It is a mapping on formulas which preserves provability, and that is exactly the definition of an interpretation. I have no idea what you mean by "only applies to a subclass of intuitionistic formulae", that's just not true. I can't find Friedman explicitly calling it an interpretation in the paper, but he writes "the double negation of Gödel is used to interpret PA within HA" (emph. mine) and (speaking about his translation) "an elementary syntactic argument in the same sense that the double negation translation is". — Emil J. 12:58, 30 April 2009 (UTC)[reply]

Re: scope of translation: I was letting myself be distracted, despite your hint, by its application, where A,B are Sigma-0-1. I don't dispute that it is an interpretation, only how cogent that fact is. Double-negation translations are normally talked of as interpretations not of intuitionistic logic, but of classical logic, although they are equally interpretations of intuitionistic logic in the sense you describe.

I don't see any harm in observing that it is an interpretation, but I think it is distracting to put that in the definition in the lede. — Charles Stewart (talk) 13:08, 30 April 2009 (UTC)[reply]

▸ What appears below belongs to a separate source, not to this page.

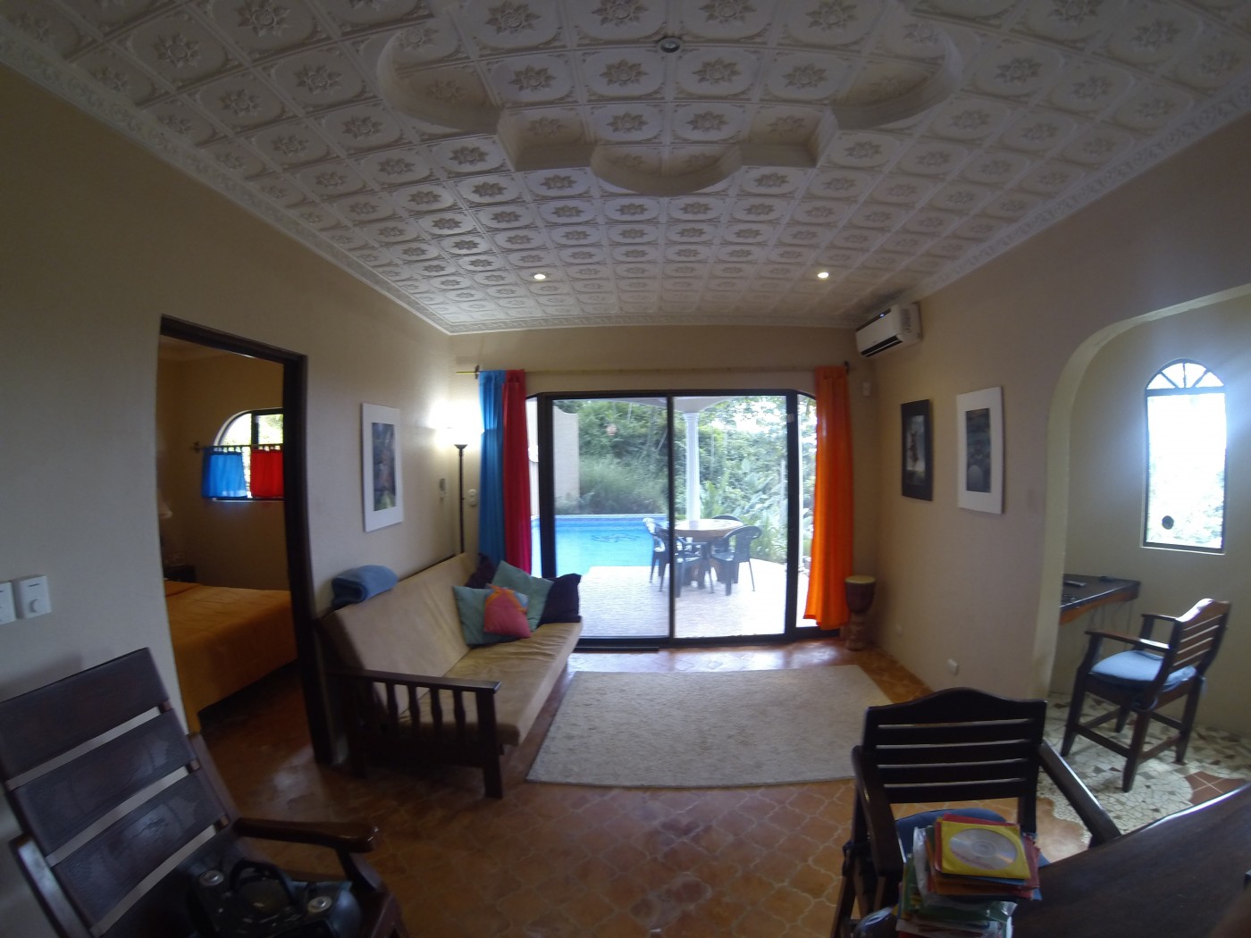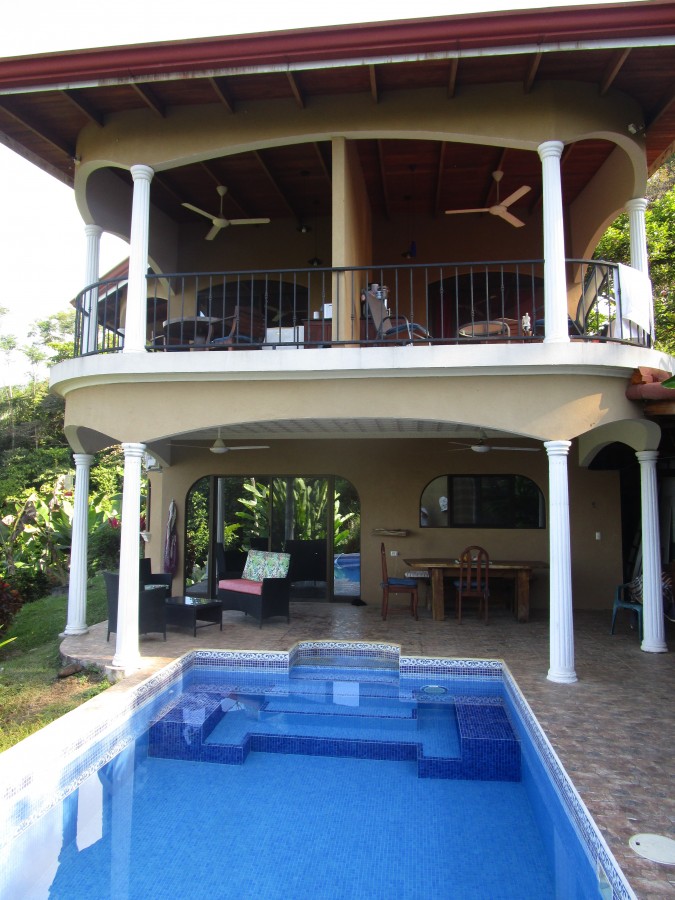 Private Gated Estate 6835 sq meters on the most desirable road in Ojochal. Fantastic Pacific Ocean Sunset view home for sale. Fully Tiled swimming pool. 2 one bedroom studio apartments up one bedroom down. 3 bathrooms 2 kitchenettes up and one indoor kitchen down and a poolside patio grill area. One minute from the coast highway. Public water, cable tica internet, Fully tiled swimming pool. Fully grown gardens includes Avocado, momochino, Bananas, Carambolas, papayas, Palms, pineapples. 2 car carport, full laundry.

I do not insist on calling it an interpretation, a mapping on formulas or something like that would do. However, I consider it a fundamental matter of comprehension that the lead should start by saying what the Friedman translation is, not what it is used for. — Emil J. 13:17, 30 April 2009 (UTC)[reply]

I'm happy with this, and how the lede stands. — Charles Stewart (talk) 11:51, 3 May 2009 (UTC)[reply]